WORK ORDER:
The output should be the listing below, limited to the lines from the one with "A 100% wool" through the one with "AI jewelry generator", exact and without pictures.

INPUT DATA:
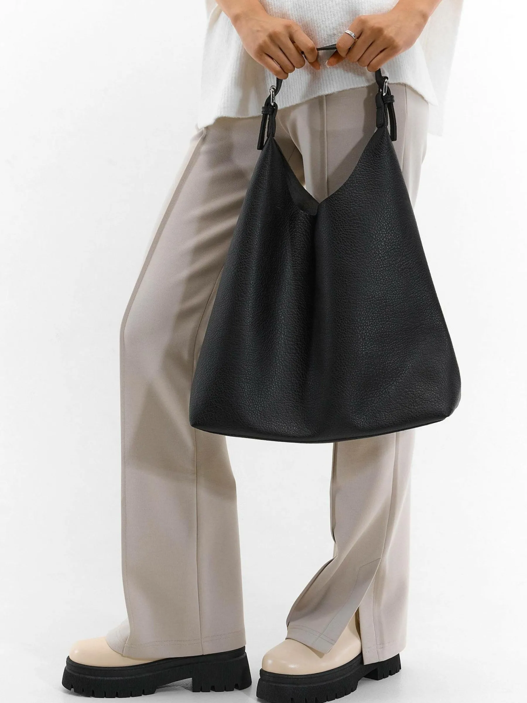 Kolor: czarnyKrój: shopperTyp: torebkaPattern style: pojedynczy kolorDetal: na snapyMateriał: sztuczna skóraPłeć: k…
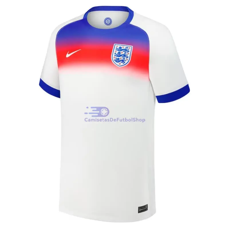 Camiseta Inglaterra 2023 Primera Equipación Copa Mundial Femenina> Corte clásico.> Tejido ligero, tacto sedoso, con efecto secado rápido y ligeramente elástico.> El ajuste estándar sigue su cuerpo con espacio adicional para la movilidad.> No se preocupe por la claridad de los logotipos de los clubs, marcas, nombres de los patrocinadores..
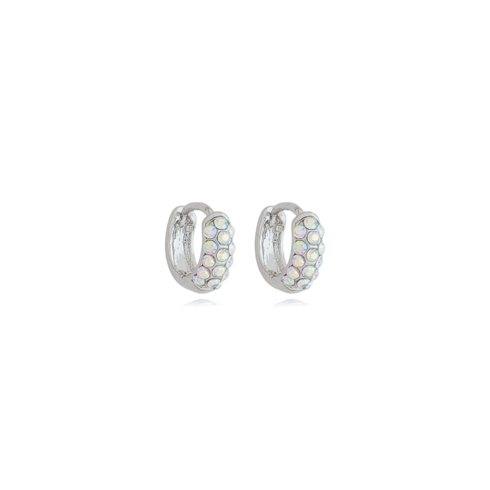 Brinco argolinha segundo furo banho ródio com strass na cor boreal (furtacor)
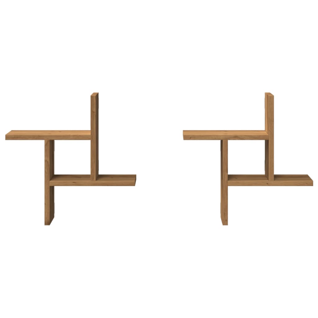 2 db kézműves tölgy színű szerelt fa fali polc 38 x 12 x 38 cm
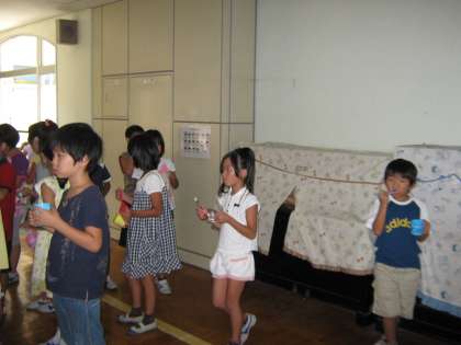歯みがきをしたあとの4年生が「口がすっきりした」「食べかすが挟まっていたのがとれた」「きもちよかった」と感想を話してくれました。
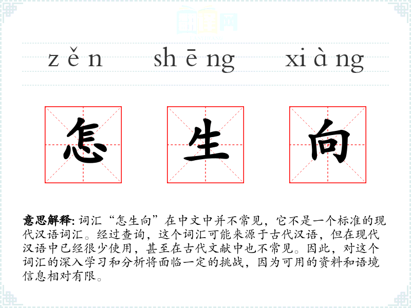 由于“怎生向”在现代汉语中不常见,我们无法给出一个确切的基本定义。它可能是由“怎生”和“向”两个词组合而成的,其中“怎生”在古代汉语中意为“如何”或“怎样”,而“向”则有“朝向”或“方向”的意思。结合起来,可能是在询问某个方向或方式是如何的。
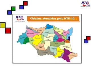 O documento descreve o Núcleo de Tecnologia Educacional 16 (NTE16), um centro de formação de professores no estado da Bahia que promove a inclusão digital nas escolas públicas através da capacitação de educadores e disponibilização de laboratórios de informática e conteúdos online.
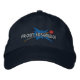 Cooles Schlagzeug bestickt Hut - gemacht nur für Front-Ensemble-Spieler! Auch gemeinhin als "die Grube" bezeichnet. Auf einem hellblauen "kapow!"-Schild steht "Front Ensemble", vor dem eisblaue Buchstaben mit schwarzer Kontur geschrieben sind. Im Hintergrund ist ein rotes Garnballett eingeklemmt. Perfekt für jeden, der Band oder Drum Corps marschiert. Alle Designs sind Copyright © Kamikaze Schlagzeug.
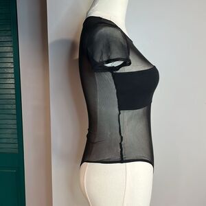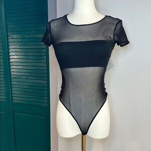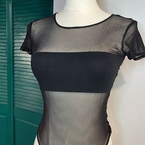 Elevate your style with this chic black sheer bodysuit. Perfect for layering or wearing on its own for a bold look.
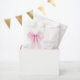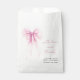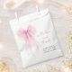 Obrigado de chá de menina bonita você favorece bolsas com uma grande arco cor-de-água rosa, "com amor e obrigados" em uma escrita rosa-chic, e o nome da futura mãe e da data de chá em simples inscrições modernas.
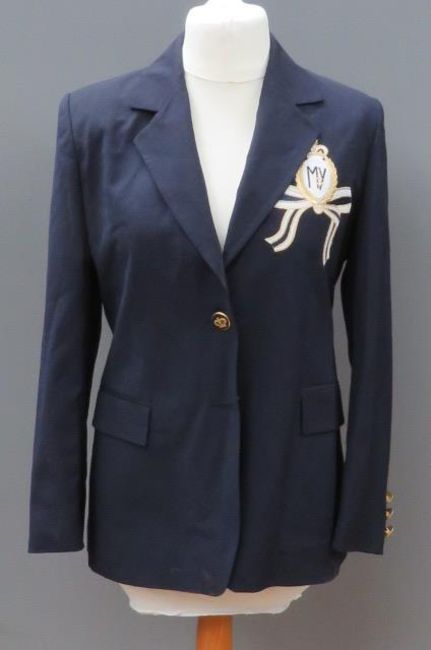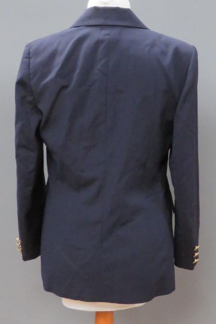A 100% wool Italian navy coloured jacket having enamelled crown themed buttons upon, size 44, approximate measurements 40" chest, 29" length to back, 16" underarm sleeve.
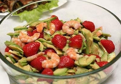 Добавляем клубнику, авокадо к креветкам. Добавляем сахар или сахарную пудру в салат, поливаем все оливковым маслом и хорошо перемешиваем. Данное сочетание продуктов может показаться весьма странным, но каждый ингридиент добавит свой неповторимый вкус салату. Не бойтесь эксперементировать. Салат также пожно полить соком лимона
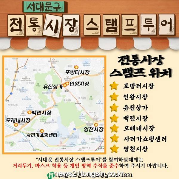 관내 7개의 시장(모래내, 백련, 사러가, 영천, 유진, 인왕, 포방터)을 방문하면 시장별로 1개의 온라인 스탬프 도장을 찍을 수 있고, 이를 5개 이상 모으면 역시 서울사랑상품권 추첨권을 받는다.
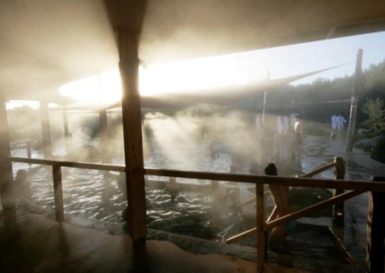 Visitors to the Hot Springs come there to give themselves a more harmonious sense of their bodies, and this intention is helped by the way the building, the landscape, and the springs stage a reunion of nature and culture, emphasised by the use of timber, and the particular rough textures of the timber in the columns.
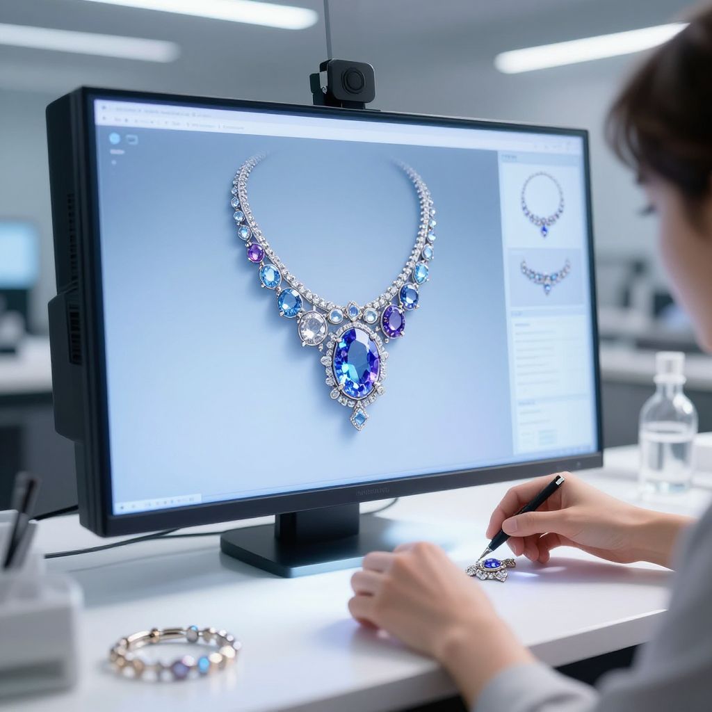 AI jewelry generator futuristic workshop, virtual reality interface showing customizable necklace and bracelet designs, shiny precious stones with intricate metalwork, ethereal blue and purple hues, clean, professional, highly detailed
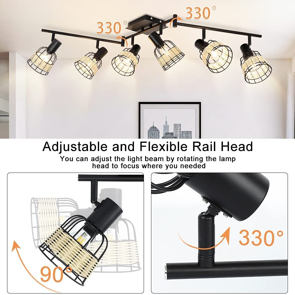 - 3. 【Multi-angle Illumination】 The rattan spotlight kits have 6 flexible track heads to direct and focus the light where needed (90° rotatable of the light head and 330° rotatable of the main bracket). Adjust the track-style lamp to place the light just where you need it.
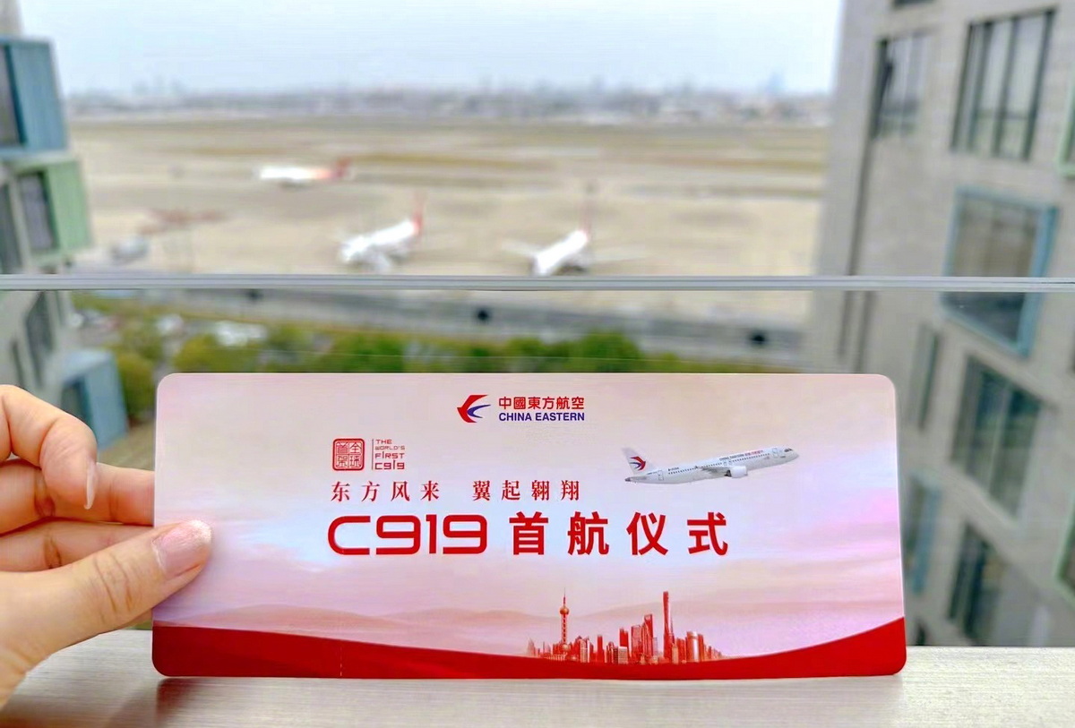 航班起飞前,东航在上海虹桥机场举行了隆重的首航仪式。同时,《中国东航C919首航》纪念邮资封也在仪式上揭幕。
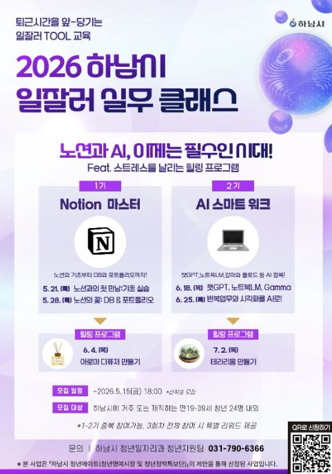 (플러스인뉴스) 하남시는 관내 청년들이 현장에서 바로 활용할 수 있는 실무 역량을 키우고 또래 청년 간 교류 기회를 확대하기 위해 오는 5월부터 ‘2026년 하남시 일잘러 실무클래스’를 운영하고 1기와 2기 참여자를 모집한다고 밝혔다.

ANSWER FOR THE TASK:
A 100% wool Italian navy coloured jacket having enamelled crown themed buttons upon, size 44, approximate measurements 40" chest, 29" length to back, 16" underarm sleeve.
 Добавляем клубнику, авокадо к креветкам. Добавляем сахар или сахарную пудру в салат, поливаем все оливковым маслом и хорошо перемешиваем. Данное сочетание продуктов может показаться весьма странным, но каждый ингридиент добавит свой неповторимый вкус салату. Не бойтесь эксперементировать. Салат также пожно полить соком лимона
 관내 7개의 시장(모래내, 백련, 사러가, 영천, 유진, 인왕, 포방터)을 방문하면 시장별로 1개의 온라인 스탬프 도장을 찍을 수 있고, 이를 5개 이상 모으면 역시 서울사랑상품권 추첨권을 받는다.
 Visitors to the Hot Springs come there to give themselves a more harmonious sense of their bodies, and this intention is helped by the way the building, the landscape, and the springs stage a reunion of nature and culture, emphasised by the use of timber, and the particular rough textures of the timber in the columns.
 AI jewelry generator futuristic workshop, virtual reality interface showing customizable necklace and bracelet designs, shiny precious stones with intricate metalwork, ethereal blue and purple hues, clean, professional, highly detailed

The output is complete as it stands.